Subway stations get so hot because they’re essentially underground boxes filled with powerful heat sources and very few ways for that heat to escape. Trains generate enormous amounts of thermal energy through braking and motor operation, air conditioning units dump their waste heat directly into station air, and the surrounding soil gradually loses its ability to absorb any of it. In New York City, “feels like” temperatures on platforms have been recorded above 130°F, with stations like Times Square hitting 127°F and Union Square reaching 120°F during summer heat waves.
Trains Are Giant Space Heaters
Every time a subway train slows down, it converts its kinetic energy into heat through friction between brake discs and pads. All of that energy has to go somewhere, and in a subway tunnel, it goes into the air around you. The brake disc alone absorbs roughly 86 to 87 percent of the frictional heat generated during a single stop, with the pads soaking up the rest. Multiply that by thousands of stops per day across a busy system and you get a staggering amount of thermal energy released underground with no sunlight, wind, or rain to carry it away.

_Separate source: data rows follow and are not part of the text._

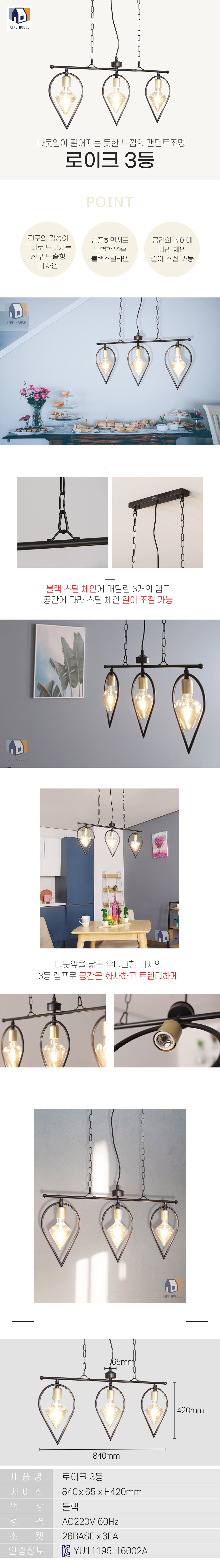 로이크 3등 조명 모음 LED 북유럽 식탁등 펜던트 카페 전등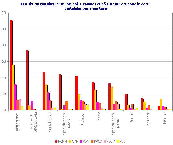 Tabelul 27 relevă distribuţia consilierilor după ocupaţie în cazul partidelor parlamentare. Este curios că în cazul PCRM cota antreprenorilor este cu puţin peste media pentru această categorie, la fel ca şi în cazul AMN şi PD. În general, este foarte curios că aproximativ 42% din toţi consilierii antreprenori (sau viceversa) sînt aleşi din partea PCRM. Din acest punct de vedere, acuzaţiile reciproce ale partidului de guvernămînt şi ale celor din opoziţie, referitoare la tentativele de “cumpărare” a unor consilieri independenţi sau reprezentînd partidele mici, sau chiar convertirea “inamicilor” politici pentru formarea coaliţiilor majoritare în raioane, nu sînt lipsite de temei. S-ar putea ca consilierii antreprenori, din considerente de “eficienţă”, să fi recurs la astfel de artificii şi fără consultarea liderilor de partide. Oricum, scandalurile legate de “cumpărarea voturilor” consilierilor ar trebui să dea de gîndit.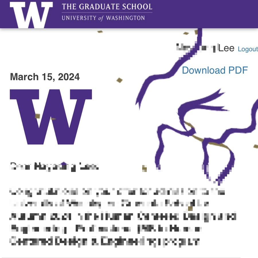 궁금해하시는 결과부터 말하면 University of Washington 의 Human Centered Design and Engineering (UW HCDE) 과에 합격했다. (CMU MDes는 waitlist를 받았다) 가장 목표로 했던 2곳 중 한 곳이고 학교 결정은 어떻게 했는지, 내 스펙은 어떻고, 어떤 식으로 준비했는지 소개해보려한다. 궁금하신건 언제든 답해드립니다.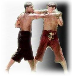 The boxer uses the right elbow which is bent straight and turns the forehand into the right shoulder then steps the right foot towards. Throws the right elbow up to the chin. This trick is used for escape.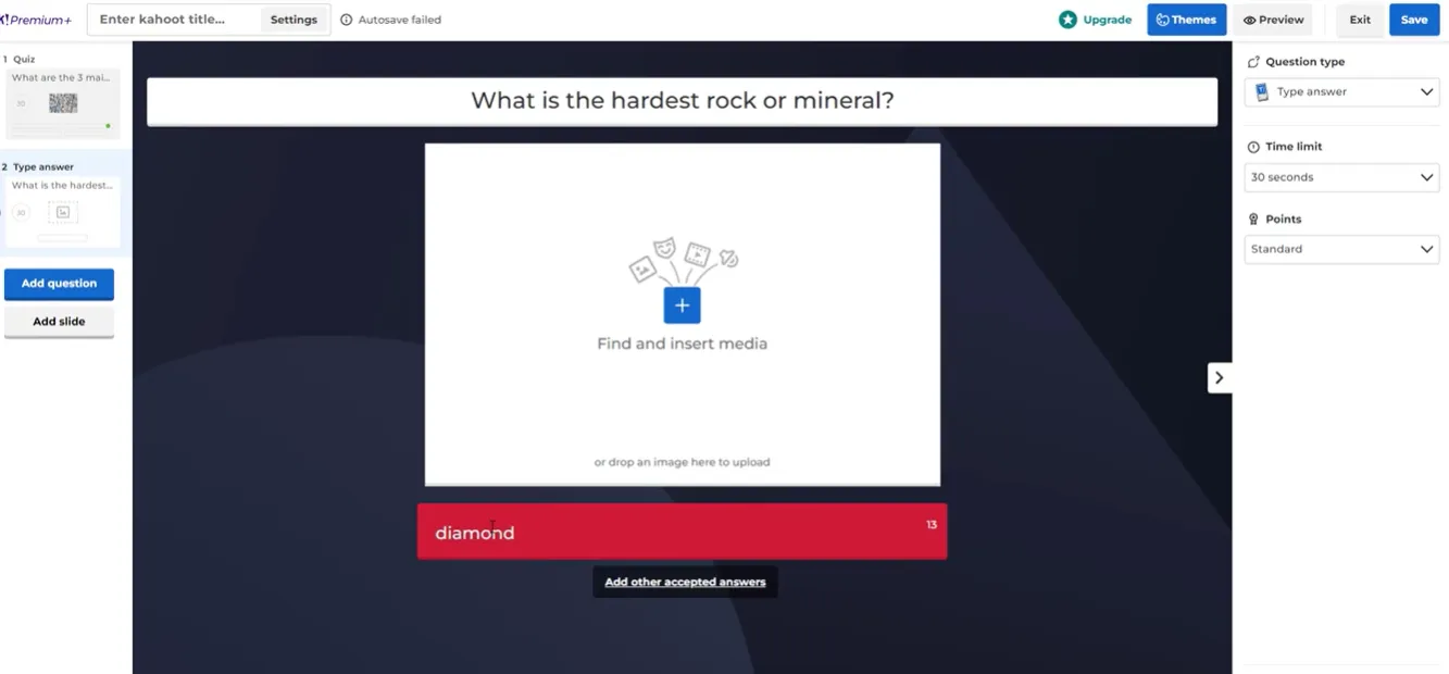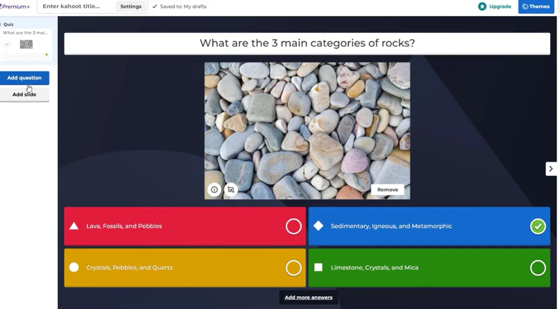 The classic. You write a question, give 2–4 answer options, mark one or more as correct, and watch the room light up. It’s fast, familiar, and works for almost any topic. If you’re new to Kahoot, this is where you start — and honestly, you could run an entire session with nothing else.

Electric motors add to the problem. They produce heat continuously while accelerating trains, and much of that heat radiates into the tunnel. Then there’s the air conditioning paradox: the cooled air goes inside the train car, but the waste heat from the cooling process gets expelled directly onto the platform and into the tunnel. Every degree of cooling passengers enjoy inside the train makes the station a little bit warmer for everyone waiting on the platform.
The Soil Stops Helping After a Few Years
When a subway tunnel is first built, the surrounding earth is relatively cool and acts like a natural heat sink, absorbing warmth from tunnel air. This works well for the first one to five years of operation. But over time, the soil around the tunnel heats up and reaches a thermal equilibrium, a point where it can no longer absorb meaningful amounts of heat. The tunnel wall temperature and the air temperature essentially match, and the earth’s cooling effect flatlines.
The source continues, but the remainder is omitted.